Bureau signals end of boom in commodities

Australia's top commodities agency has detailed a year of woe for the resources industry and joined the Reserve Bank in declaring the peak of investment in the sector.
By · 23 May 2013
By ·
23 May 2013
comments Comments
Australia's top commodities agency has detailed a year of woe for the resources industry and joined the Reserve Bank in declaring the peak of investment in the sector.

The Bureau of Resources and Energy Economics revealed a sharp rise in the number of projects suffering cost blowouts or deferrals, and a steep decline in exploration spending. The findings - released on the same day investment bank Citi declared the "commodities supercycle" would end this year - will fuel perceptions the resources boom is over.

In its latest six-monthly report on major projects, the bureau estimated Australia had missed out on $149 billion worth of spending on resources projects over the past year, as a result of 18 big projects being deferred or cancelled.

The sum is likely to be conservative, given that many of the 18 projects were listed with values far below what had recently been discussed in the market.

The Browse LNG project was judged by the bureau to be worth $36 billion in deferred spending.

However, those close to the project believe it was set to cost closer to $80 billion before the operator, Woodside, decided to investigate other options.

For projects going ahead, the bureau calculated that $28.5 billion worth of cost blowouts had been endured over the same period, with Chevron's Gorgon project heading the list.

Those blowouts accounted for about 11 per cent of the $268 billion committed to resources projects in Australia.

This means the peak of investment in the sector would have been last year had the cost blowouts not inflated this year's figures.

In declaring this year to be the peak of the investment cycle, the bureau forecast committed investment to fall by $8 billion next year and $63 billion in 2015. By 2017, committed investment is tipped to be back at 2007 levels - about $60 billion.

There was further grim news in the bureau's account of exploration spending, which was shown to be sharply lower long before the Gillard government imposed tighter tax rules on exploration last week.
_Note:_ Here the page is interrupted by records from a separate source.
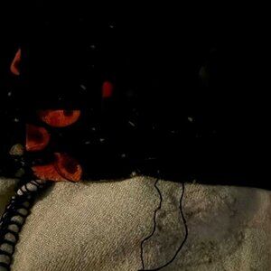 This is made from a thicker material not sure if it's Modal. In good worn condition. One small spot on the bottom seam that has unraveled but can be repaired easily by hand sewing a stitch or two. Other than that it's gently worn. Machine wash. From a smoke free and pet free home. I loved wearing this for the holidays and have to part with it as it no longer fits. I took a few measurements and put below. Fits true to size and made to not be snug.
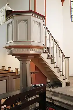 Die dreiseitig umlaufende Empore reicht an den Langseiten nicht bis an die Ostwand heran. Die polygonale Kanzel aus Eichenholz mit kassettierten Füllungen in den Kanzelfeldern ist am nördlichen Chorbogen aufgestellt. Nicht mehr vorhanden ist der originale Schalldeckel. Der schlichte Altar aus Haustein ist um eine Stufe erhöht und trägt vorne ein griechisches Kreuz in einem Kreis. In den 1950er Jahren wurde das schlichte hölzerne Altarkreuz gefertigt.[19] Reinhold Atzbach fertigte 2002 den pokalförmigen Taufstein aus Kiefernholz, der eine 1883 gestiftete Taufschale trägt. Der Grabstein für Johann Wilhelm Lantz († 1833), der beim Bergbau ums Leben kam, wurde in der rechten Chorwand eingemauert.[1]
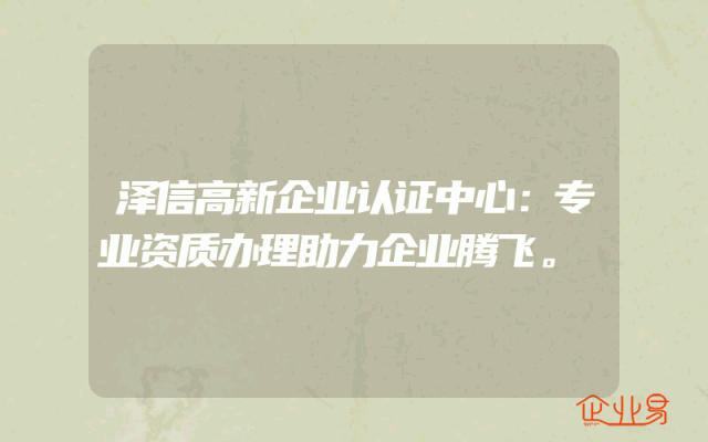 - 泽信高新企业认证中心:专业资质办理助力企业腾飞。
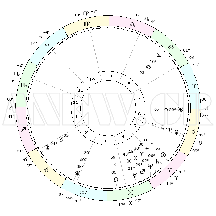 | | ΘΕΣΕΙΣ ΠΛΑΝΗΤΩΝ ΑΣΤΡΟΛΟΓΙΚΟΥ ΧΑΡΤΗ ΤΗΣ ΣΤΙΓΜΗΣ ΑΥΤΗΣ | | | | Πλανήτης | Ζώδιο | Μοίρες | Δεκαήμ. | Σε οίκο | Απόκλιση | | Ακμές των οίκων | | Ηλιος | Κριός | 18°57' | Δεύτερο | 6 | 07 N 25 | | 1ος | 10°20' | Σκορπιός | | Σελήνη | Αιγόκερως | 03°15' | Πρώτο | 2 | 28 S 04 | | 2ος | 09°26' | Τοξότης | | Ερμής | Ιχθείς | 21°43' | Τρίτο | 5 | 05 S 21 | | 3ος | 12°22' | Αιγόκερως | | Αφροδίτη | Ταύρος | 11°12' | Δεύτερο | 7 | 15 N 05 | | 4ος | 17°18' | Υδροχόος | | Αρης | Ιχθείς | 29°12' | Τρίτο | 5 | 01 S 15 | | 5ος | 19°57' | Ιχθείς | | Δίας | Καρκίνος | 16°22' | Δεύτερο | 9 | 22 N 48 | | 6ος | 17°33' | Κριός | | Κρόνος | Κριός | 06°37' | Πρώτο | 5 | 00 N 40 | | 7ος | 10°20' | Ταύρος | | Ουρανός | Ταύρος | 29°07' | Τρίτο | 7 | 19 N 47 | | 8ος | 09°26' | Δίδυμοι | | Ποσειδώνας | Κριός | 02°30' | Πρώτο | 5 | 00 S 13 | | 9ος | 12°22' | Καρκίνος | | Πλούτωνας | Υδροχόος | 05°20' | Πρώτο | 3 | 22 S 47 | | 10ος | 17°18' | Λέων | | Β. Δεσμός | Ιχθείς | 06°60' | Πρώτο | 4 | 08 S 57 | | 11ος | 19°57' | Παρθένος | | Ωροσκόπος | Σκορπιός | 10°20' | Δεύτερο | | | 12ος | 17°33' | Ζυγός | | Μεσουράνημα | Λέων | 17°18' | Δεύτερο | | | |
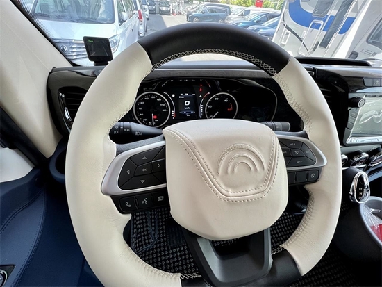 驾驶舱内,主副驾座椅采用了浅色皮革+布艺包覆,和后面生活区的配色相呼应,使得车内整体更加的协调和统一,皮质软包的工艺也突显了精致感。里面也配置了多功能方向盘、主副驾安全气囊、主副架座椅空气悬挂3向调节座椅电加热、ESP车身电子稳定系统、倒车雷达、倒车影像、定速巡航、电动电热后视镜等设备,让行车驾驶更加安心、轻松。
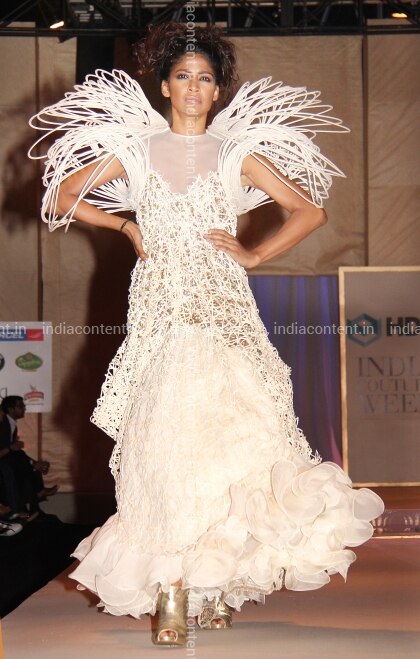 MUMBAI INDIA OCTOBER 8 Carol Gracias walks the ramp at the third day of the HDIL Couture week in Mumbai on October 8 2010. Photo by Yogen Shah India Today Group Carol Gracias

High-risk "greenfield" exploration spending in the December quarter was $264 million, down by 16 per cent from the September quarter and 27 per cent from the June quarter.

"This year should provide full affirmation that the commodity supercycle has finally ended and should usher in the first 'normal' year in over a decade in which, broadly, commodity prices end the year lower than when the year started," the Citi team wrote.
Google News
Follow us on Google News
Go to Google News, then click "Follow" button to add us.
Share this article and show your support
Free Membership
Free Membership
InvestSMART
InvestSMART
Keep on reading more articles from InvestSMART. See more articles
Join the conversation
Join the conversation...
There are comments posted so far. Join the conversation, please login or Sign up.
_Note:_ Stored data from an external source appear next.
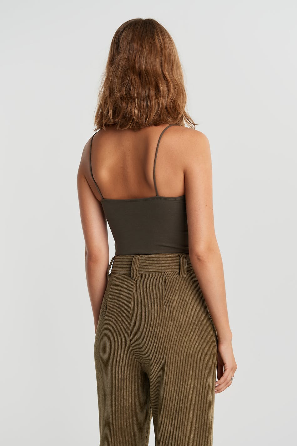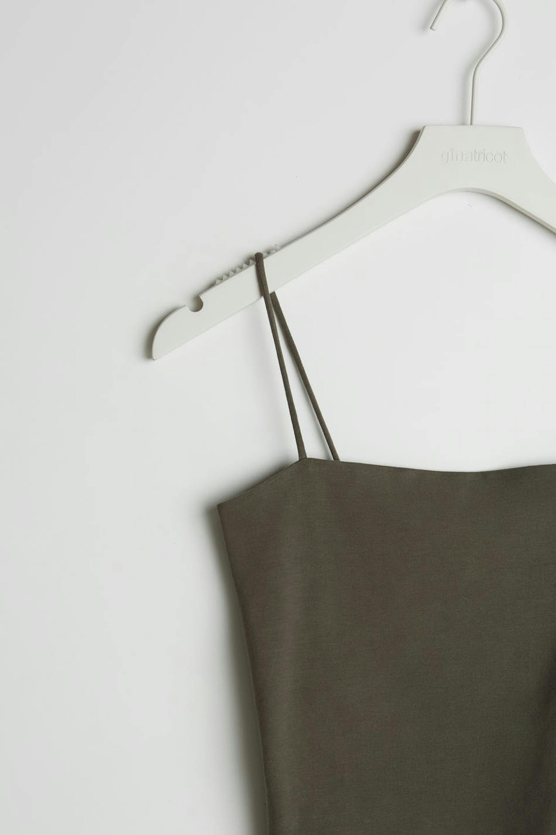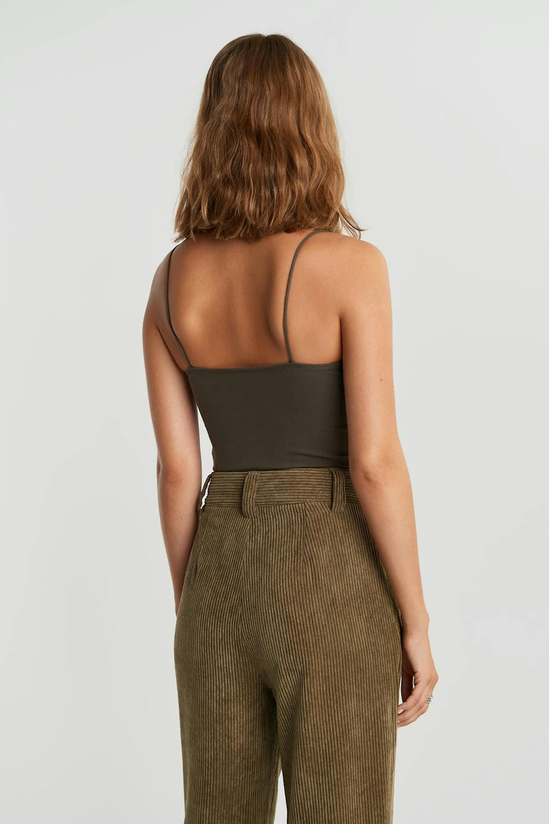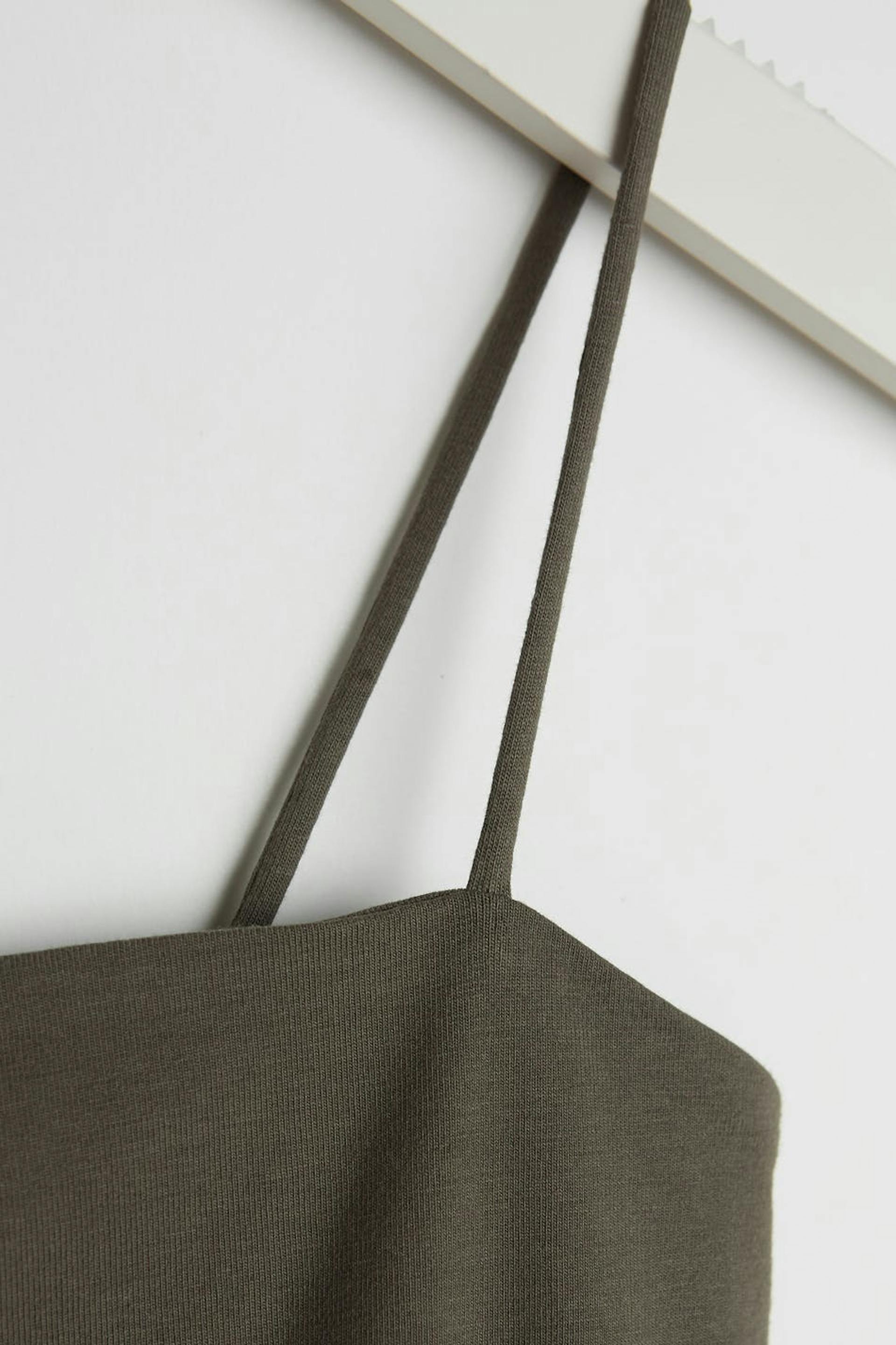 Short tank with a fitted fit. The tank is dark green and has a straight upper edge. It has thin shoulder straps.
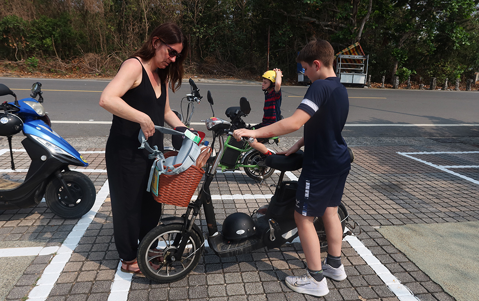 Tweleve-year-old Charlie is too big to sit on the low back of a two-seater, and after a brief discussion, Ruby and I agree he should be OK on the mountain bike and let him go for a test ride up and down the road. He seems to know what he's doing, albeit at a faster speed than we'd like, while dinky Oscar is fine on the back of my machine. The guy says he won't charge us for the mountain bike, which is nice of him.
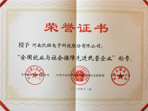 12月20日上午,記者獲悉在全國召開的就業與社會保障先進民營企業暨關愛員工實現雙贏表彰大會上,我市民營企業河南凱旺電子科技股份有限公司榮獲“全國就業與社會保障先進民營企業”稱號,中華全國工商業聯合會、中華人民共和國人力資源和社會保障部、中華全國總工會為該企業頒發了榮譽證書。
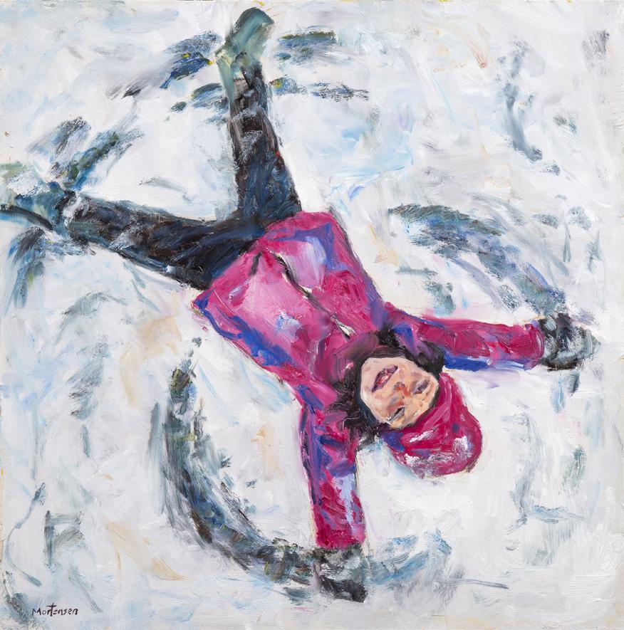 Clockwise from Left: Billy's Seafood by Cecil Thompson; Honorable Mention Art, Snow Angel by Mark Mortenson; Kingfisher by Jacquelyn Swain; Morning Swim by Keith Smith; Camp of Hills by Jacoby Davani.
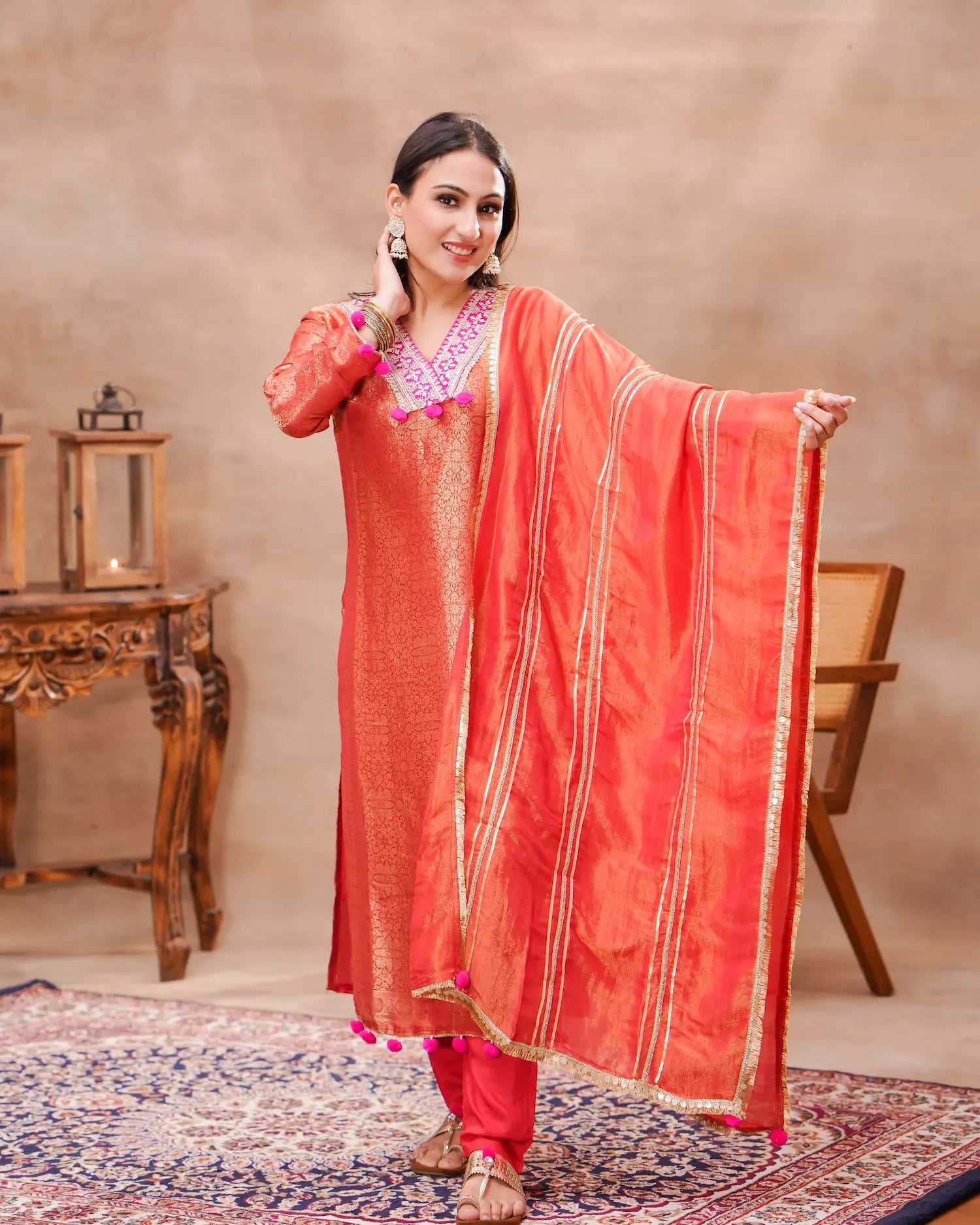 The look is complemented with a coordinated silk dupatta, finished with delicate fringe lace detailing that adds subtle movement and a refined statement. The warm rust tone enhances the richness of the brocade, making this set a graceful choice for celebrations and traditional gatherings.

Frequently Asked Questions about this Article…

The bureau said the resources sector faced a tough year with a sharp rise in projects suffering cost blowouts or being deferred, a steep fall in exploration spending, and signs that investment has peaked — findings that add to views the commodities boom may be over.
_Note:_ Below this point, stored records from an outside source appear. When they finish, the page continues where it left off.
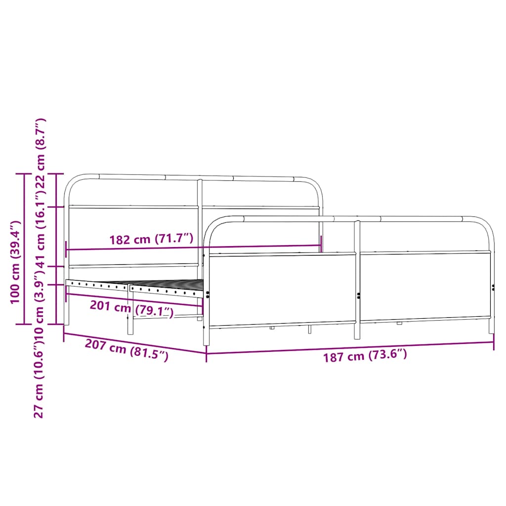 Metal Bed Frame without Mattress Smoked Oak 180x200 cm Super King
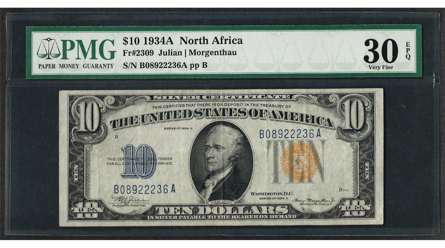 One 1934A $10 North Africa Silver Certificate WWII Emergency Note PMG Very Fine 30EPQ. PMG Certified.
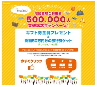 ブランディアでは、累計利用者数50万人突破を記念して、ギフト券全員プレゼント&総額50万円分の旅行券の当たるキャンペーンの実施を予定しております。
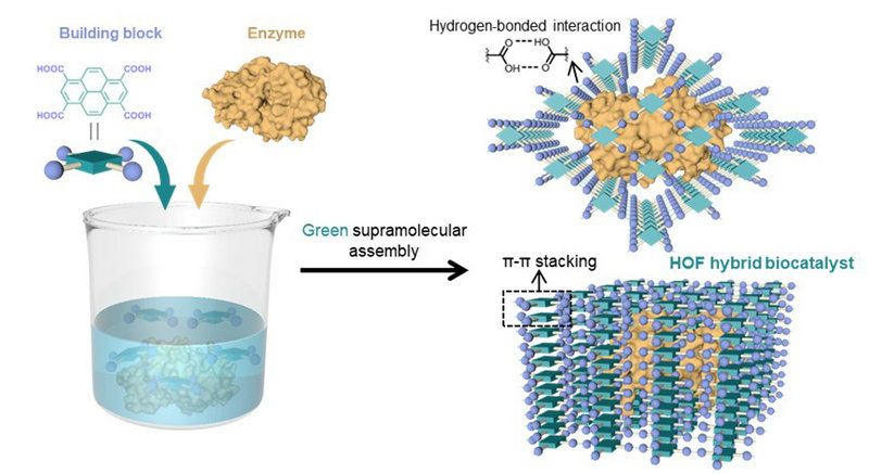 中大新闻网讯(通讯员黄维)天然酶是一类具有催化活性的天然聚合物,通过绿色、温和、高效的方式催化细胞内的生物化学反应,具有人工催化剂无法比拟的高效率。然而,酶的柔性构象在外界刺激下极易发生变化,极大地限制了酶的大规模工业应用。利用多孔超分子“盔甲”对天然酶结构进行约束、保护是设计多功能杂化生物催化剂的有效手段,既能解决酶的稳定性问题,又能提高酶的可重复性。尽管该领域已取得了系列进展,但多孔超分子框架的结晶往往需要苛刻的条件,如何实现在生物相容条件下原位装配超分子晶体“盔甲”仍是技术难点。
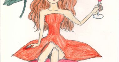 今回の作品は、ゴージャスな女性をイメージして描きました。「人生薔薇色」をテーマに描いてみました。脚を組んで、真っ赤なド...
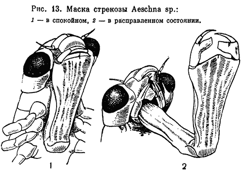 Голова личинок снабжена парой крупных фасеточных глаз, короткими 4-7-члениковыми усиками, хищными жвалами, а с нижней стороны — совершенно специфическим образованием — маской. Маска (рис. 13) состоит из 2 крупных члеников, концевой членик несет лопасти и крючки, расположенные по его краю. В спокойном состоянии маска сложена, и снизу виден ее концевой членик. В определительных таблицах используются особенности строения именно этого членика, который и назван собственно маской.
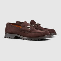 For the men's Fall Winter 2024 collection, essential silhouettes are enriched with emblematic details. Crafted from dark brown suede, this pair of loafers is defined by the signature Horsebit in silver-tone. A rubber lug sole completes the style. - Dark brown suede - Men's - Silver-toned hardware - Horsebit - Rubber lug sole - Low heel - 1.2" height

Investment bank Citi and the bureau both signalled the peak of the investment cycle, with Citi saying this year should confirm the commodities supercycle has ended — a view supported by falling committed investment and weaker exploration activity reported in the bureau's study.

The bureau estimated Australia missed out on about $149 billion of spending over the past year after 18 major projects were deferred or cancelled, noting that this figure is likely conservative in some cases.

Cost blowouts totalled about $28.5 billion over the period, led by Chevron's Gorgon project, and represented roughly 11% of the $268 billion already committed to resources projects — inflating this year's figures and contributing to the perception that peak investment has passed.

The bureau forecast committed investment to fall by $8 billion next year and by $63 billion in 2015, with committed investment potentially reverting to around 2007 levels — about $60 billion — by 2017.

High‑risk greenfield exploration fell to $264 million in the December quarter, down 16% from the September quarter and 27% from the June quarter; lower exploration spending can signal fewer new projects ahead, which affects long‑term supply, company pipelines and investor expectations.

The report called out the Browse LNG project (the bureau valued its deferred spending at $36 billion, though some insiders suggested it could have been closer to $80 billion) and Chevron's Gorgon project for large cost blowouts; Woodside was mentioned in relation to Browse, and Citi and the Reserve Bank were cited for similar views on the investment peak.

Watch committed investment levels, announcements of project deferrals or cancellations, reported cost blowouts on major projects, and quarterly exploration spending figures — all of which the bureau highlighted as key indicators that helped signal the end of the recent resources investment boom.